Wednesday, October 18, 2006

POLITICS/COMMENT: Yet another far-Right stack undermines Debnam's leadership of NSW Liberals

The hard-Right currently ruling the roost in the Liberal Party may know how to win internal ballots. But the real test is whether they can help Peter Debnam become Premier. My guess is they simply won’t.

Debnam knows Hawkesbury MP Steve Pringle was spot-on when he spoke of his conversations with preselectors installed by the hard-Right. Pringle told one paper:
I rang a large number of preselectors and they had absolutely no idea what I was talking about. They had no idea about the preselection, no idea about the Liberal Party.
Four Corners viewers will recall the delightful Betty Habkouk’s conversation with Janine Cohen:
JANINE COHEN: Does anyone know what branch stacking is?

BETTY HABKOUK: I beg your pardon.

JANINE COHEN: Branch stacking. Never heard of it?

BETTY HABKOUK: No.

JANINE COHEN: Branch stacking is when people are encouraged to join the party but they never go to meetings.

BETTY HABKOUK: Oh, that sounds like us. We do that. We joined, but we don't go.
The hard-Right have saturated branches with people with no interest in campaigning. During their long reign over the NSW Liberals, the Group also engaged in branch stacking. The difference was that Group stackers generally had some interest in politics and were happy stuffing letterboxes and handing out on polling day.

The Group were a formidable campaigning machine who helped any candidate regardless of factional affiliation. I witnessed the Young Liberal “flying squad” providing essential support in numerous campaigns – from Ross Cameron in Parramatta to Jackie Kelly in Lindsay (including her often nail-biting 1996 by-election). When editing the Young Right’s pro-Action magazine, I said and wrote nasty things over the years about the Group.

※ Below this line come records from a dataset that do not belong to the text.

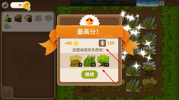 2、收割農田獲取小麥、草料等資源,獲得高分和星星獎勵,提升農場等級。
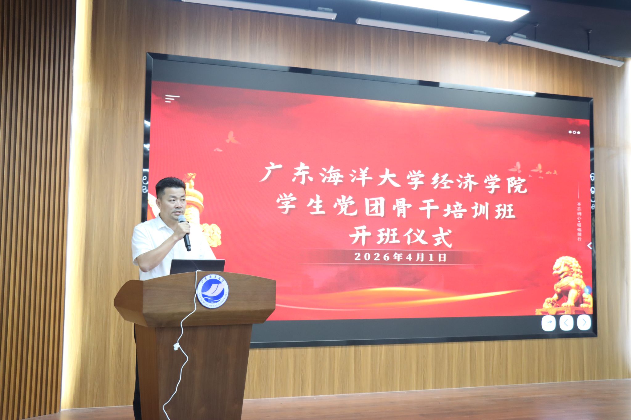 4月1日下午,beat365体育官网2026年学生党团骨干培训班开班仪式在海创楼303报告厅顺利举行。学院党委书记刘金明出席仪式,学院党委副书记、正处级辅导员钟桂安主持开班仪式并受学院党委委托作动员讲话,学院组织员、全体辅导员等参加仪式。学生党员、团委、学生会、学院易班分站、就业协助会各部门负责人及青马班学员等140余名骨干参加培训。
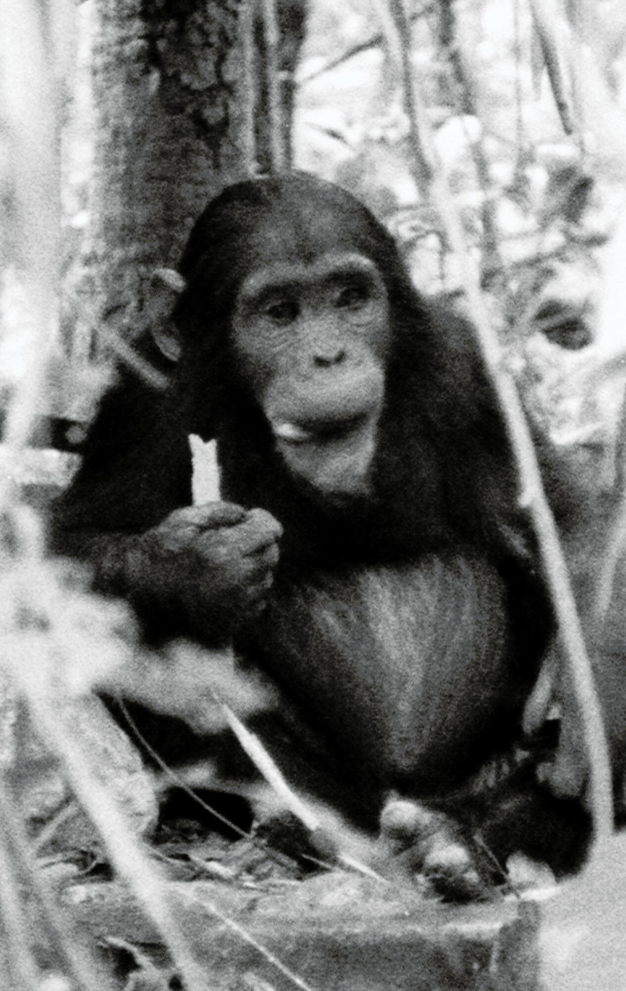 After brief feeding the group traveled to LK4 for some mkuyu. There were many pant-hoots by the group upon arrival. Atlas and the strange juvenile played for several minutes. Play became rough and there were screams. Athena threatened the stranger and Figan displayed at the group. Athena and Atlas Atlas (age 7) eating matete (bamboo). avoided and screamed, and the stranger merely sat as Figan displayed past her. Figan started feeding on bark (insects?) and the others all joined him with great curiosity. Atlas begged from Figan, and at one point was kicked in the head by Figan and thrown against a nearby limb.

That didn’t stop Senator Marise Payne’s office joining Tony Abbott’s Warringah Federal conference offering much needed assistance during my 2001 campaign in the Federal seat of Reid.

The current Young Libs are largely disinterested in campaigning. The old "flying squad" has been all but dismantled. The Communications Director spends much of his time defending Opus Dei and attacking non-Christian religions on the ozlibs e-mail group.

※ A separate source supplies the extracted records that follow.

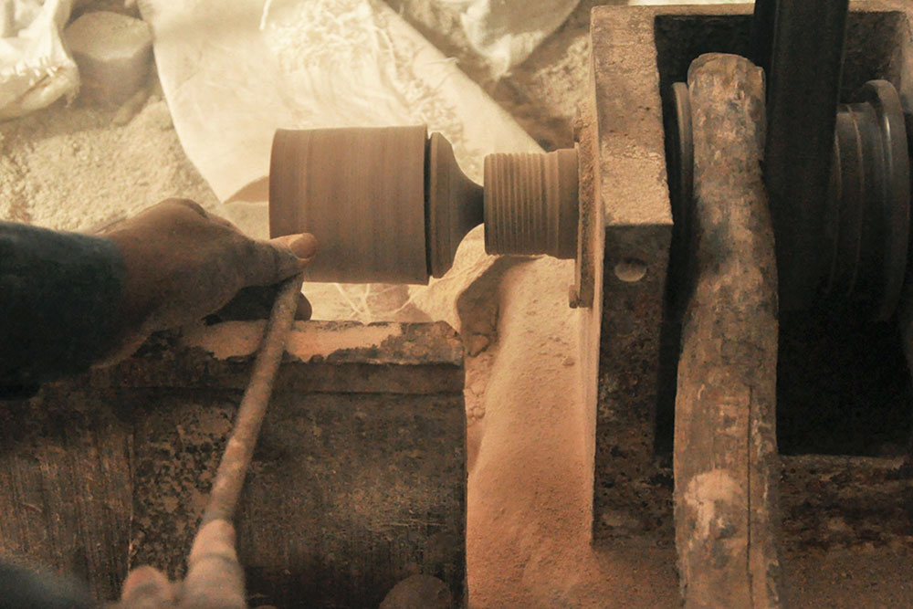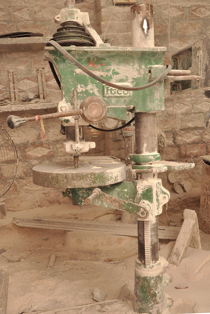 • The Stone Cutting Machine: The stone is cut to desired shape with the help of stone cutting machine.
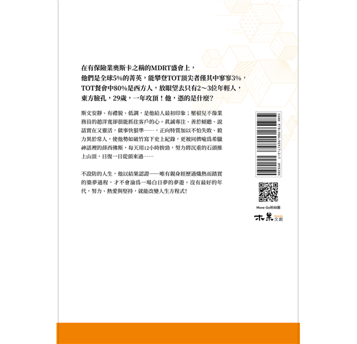 1. 作者不僅可作為保險從業人員借鏡學習的楷模,其累積的豐富心法和方法,更是渴望進入成功賽道的業務新人,值得捧讀的實用法則。
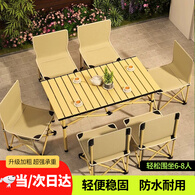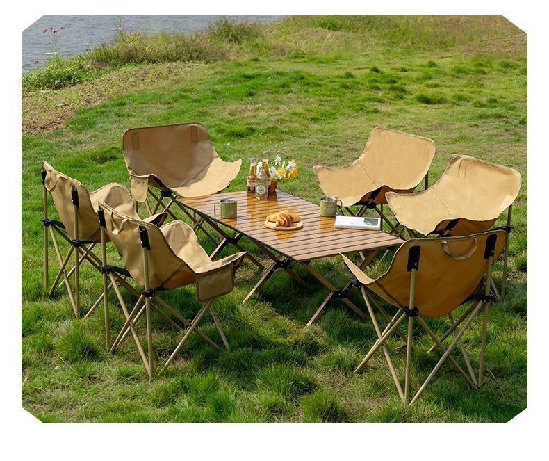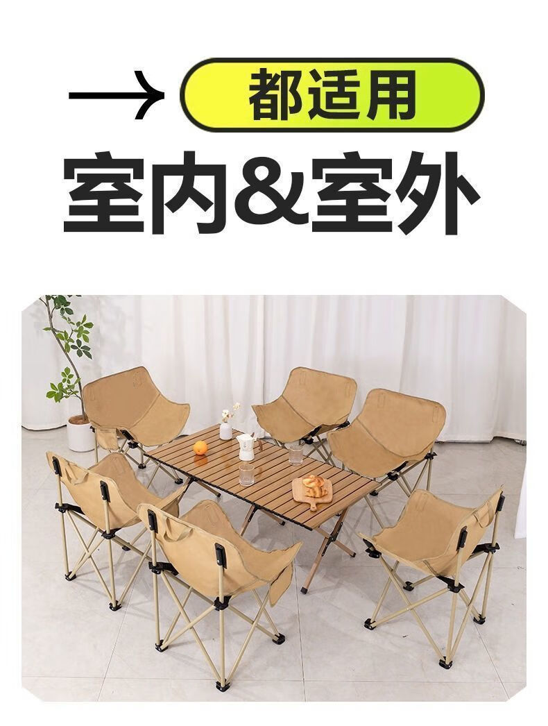 澜虞户外桌椅折叠便携式全套桌椅露营野餐蛋卷桌椅组合野营桌子折叠椅 60cm单桌+2个月亮椅 【浅木纹色】铁合金材质

It’s one thing to be conservative. It’s another to be loopy. When factional hacks can only offer Peter Debnam with stackers ignorant and/or disinterested in politics, he can look forward to plenty more repeats of Pittwater.

Words © 2006 Irfan Yusuf

Finally Imams develop coherent response to Papal remarks

It seems that the usually irrelevant Muslim intellectual force we know of as world imams may have finally gotten together to issue an intelligent response to the Pope’s recent speech about faith and reason. And as always, it’s English-speaking Western imams (mostly converts) who are leading the intellectual charge.

The Jordan-based Islamica magazine, produced by the followers of mainstream American Imam Nuh Ha Mim Keller, has published an open letter to the Pope signed by 38 leading religious scholars.

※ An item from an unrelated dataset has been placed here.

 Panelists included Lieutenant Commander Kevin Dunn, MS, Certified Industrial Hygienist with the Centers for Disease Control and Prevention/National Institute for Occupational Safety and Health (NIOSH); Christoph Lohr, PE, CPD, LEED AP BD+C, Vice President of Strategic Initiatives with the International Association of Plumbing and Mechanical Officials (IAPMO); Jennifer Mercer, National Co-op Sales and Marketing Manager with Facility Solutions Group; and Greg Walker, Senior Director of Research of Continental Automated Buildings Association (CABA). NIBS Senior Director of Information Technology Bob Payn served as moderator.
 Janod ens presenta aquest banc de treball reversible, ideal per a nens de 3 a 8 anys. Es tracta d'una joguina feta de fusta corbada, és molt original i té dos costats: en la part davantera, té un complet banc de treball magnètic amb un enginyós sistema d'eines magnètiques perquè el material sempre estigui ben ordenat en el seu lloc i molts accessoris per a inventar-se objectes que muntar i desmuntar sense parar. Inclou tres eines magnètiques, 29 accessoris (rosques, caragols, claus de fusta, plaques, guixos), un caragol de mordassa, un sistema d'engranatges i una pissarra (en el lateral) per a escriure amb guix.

Keller is a staunch critic of Muslim terrorist groups, and is part of a network of scholars seeking to revive ‘traditional Islam’ (TI) along with scholars from across the Western world. TI represents mainstream Sunni consensus and sharply differentiates itself from modernist political forms of ‘Salafi’ (sometimes called ‘Wahhabi’) Islam such as that advocated by the likes of Benbrika.

Among the other signatories are Cambridge academic Tim Winter (also known as Imam Abdal-Hakim Murad), Imam Zaid Shakir and the popular Imam Hamza Yusuf Hanson. All are prominent TI practitioners.

Signatories include leading theologians of prominent European Muslim communities – Bosnia, Croatia, Russia, Kosovo and Slovenia. They represent all 8 schools of Islamic thought and jurisprudence, and include one female scholar. The letter appears to be the initiative of Imams Hanson (USA) and Winter (UK).

Imam Winter has toured Australia once. He has openly criticised migrant-dominated institutions for creating unnecessary problems for converts. He has criticised British Muslim migrants for living in ethnic ghettoes, and has been a staunch critic of suicide bombing.

TI practitioners encourage their followers to adopt the best aspects of Western cultures. The student of one American Sufi scholar, Chicago lawyer Azhar Usman, is visiting Australia and New Zealand in November as part of a comedy trio calling themselves the Allah Made Me Funny! show. Usman also writes the “Oxymoronic” column for Islamica magazine poking fun at Muslim responses to criticism.

TI is fast replacing migrant imams as sources of spiritual guidance for young Aussie Muslims. TI lectures can be found on the iPods of Western Muslims from Christchurch to Adelaide to Chicago to London. If TI represents Islam’s future, we really don’t have much to worry about. Though al-Qaida and JI should start panicking.